Leo Kottke is the first album on the Chrysalis label by American guitarist Leo Kottke, released in 1976. It reached #107 on the Billboard Pop Albums charts.

==History==
After six releases on Capitol, Kottke and his manager/producer Denny Bruce changed labels.

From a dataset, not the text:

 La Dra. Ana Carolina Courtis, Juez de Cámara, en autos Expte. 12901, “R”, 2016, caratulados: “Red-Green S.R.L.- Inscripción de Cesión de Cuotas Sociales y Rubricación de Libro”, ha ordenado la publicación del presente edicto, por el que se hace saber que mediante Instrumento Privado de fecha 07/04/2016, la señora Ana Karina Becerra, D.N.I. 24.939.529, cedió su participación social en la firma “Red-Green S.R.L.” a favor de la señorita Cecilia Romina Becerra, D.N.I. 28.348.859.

This release of all instrumental pieces written by Kottke (with the exception of "Buckaroo") also includes orchestrations by Jack Nitzsche.

The composition "Airproofing" was significantly re-worked and released as "Airproofing II" on Kottke's A Shout Toward Noon. "Death by Reputation" was covered by John Fahey on his album John Fahey Visits Washington D.C..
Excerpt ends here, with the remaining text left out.